→ Your task
Return an exact copy of the entries, skipping any picture you find.

Top of Supplied data

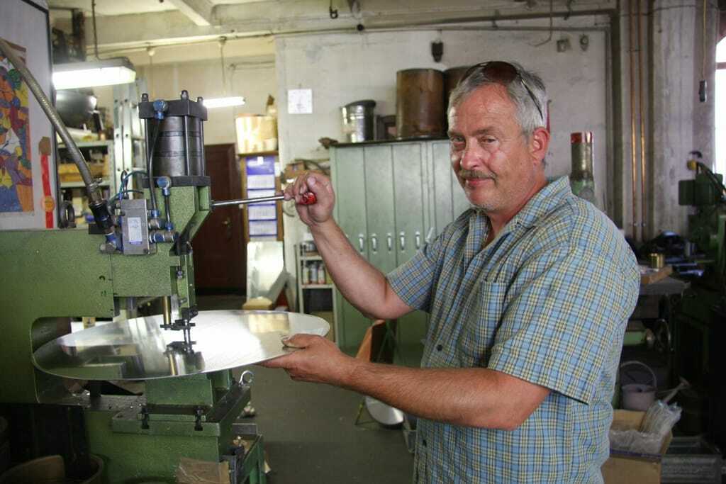Konkurrenz hat die Metalldrückerei Hugo Bräuer kaum, denn per Hand formt fast kein Betrieb mehr das Metall. - © Foto: Jana Tashina Wörrle
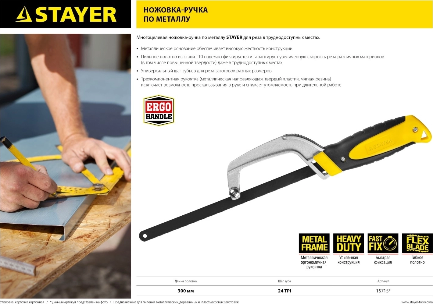 Многоцелевая ножовка по металлу Stayer для пиления заготовок в труднодоступных местах
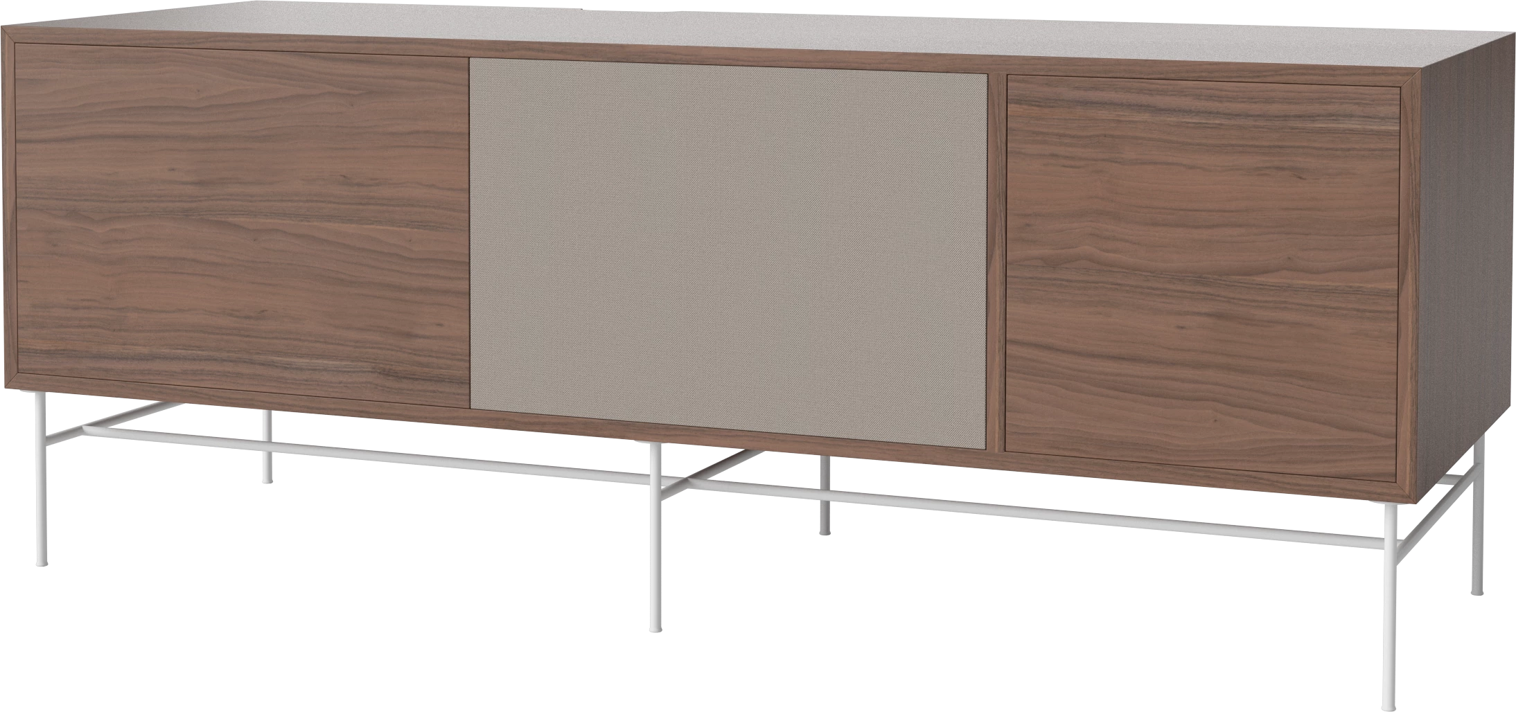 orzech naturalny olejowany, biała podstawa, front szara tkanina i orzech naturalny
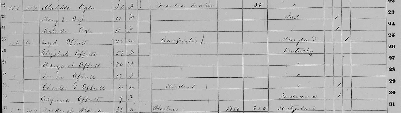 1860 Federal Census; Hancock County, IN. Household of Loyd Offutt
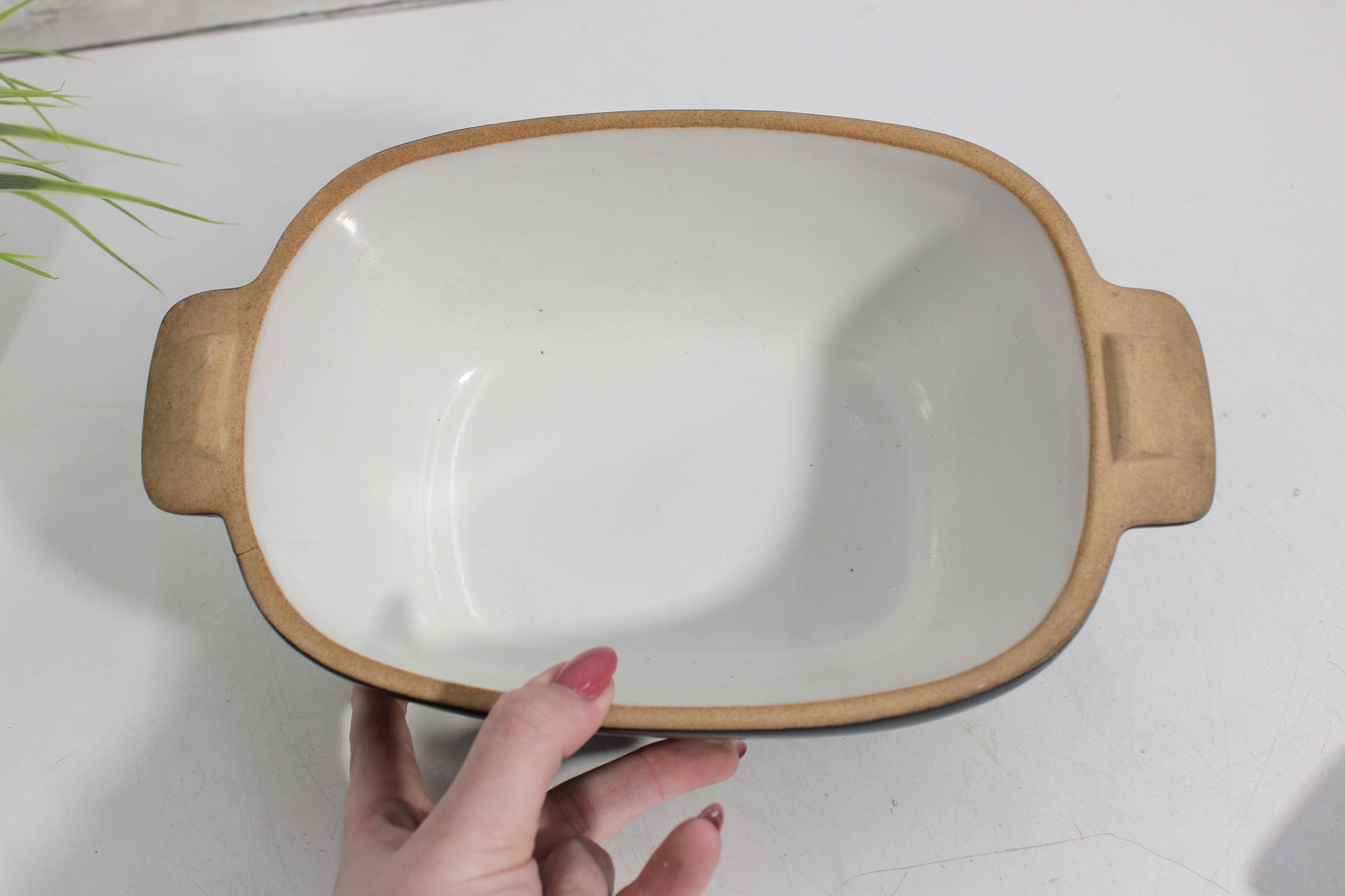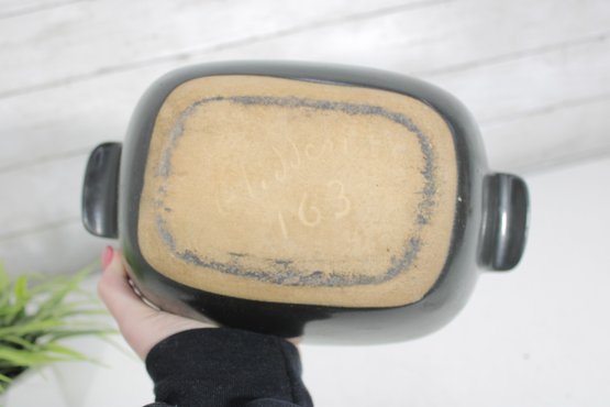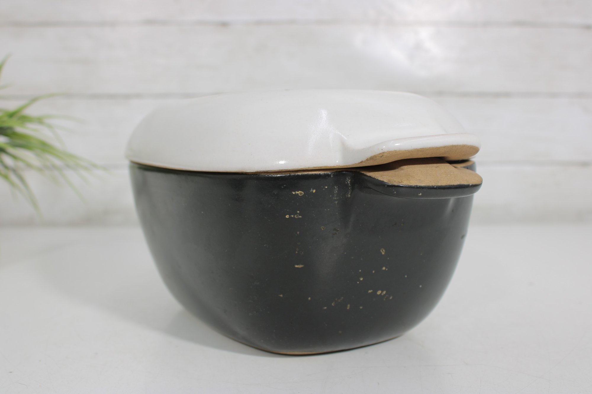 The base is finished in a contrasting matte dark charcoal glaze, giving the piece a bold, modern look. The integrated side handles and fitted lid make it both functional and decorative—ideal for serving or display.

Bottom of Supplied data

→ Task response
Konkurrenz hat die Metalldrückerei Hugo Bräuer kaum, denn per Hand formt fast kein Betrieb mehr das Metall. - © Foto: Jana Tashina Wörrle
 Многоцелевая ножовка по металлу Stayer для пиления заготовок в труднодоступных местах
 orzech naturalny olejowany, biała podstawa, front szara tkanina i orzech naturalny
 1860 Federal Census; Hancock County, IN. Household of Loyd Offutt
 The base is finished in a contrasting matte dark charcoal glaze, giving the piece a bold, modern look. The integrated side handles and fitted lid make it both functional and decorative—ideal for serving or display.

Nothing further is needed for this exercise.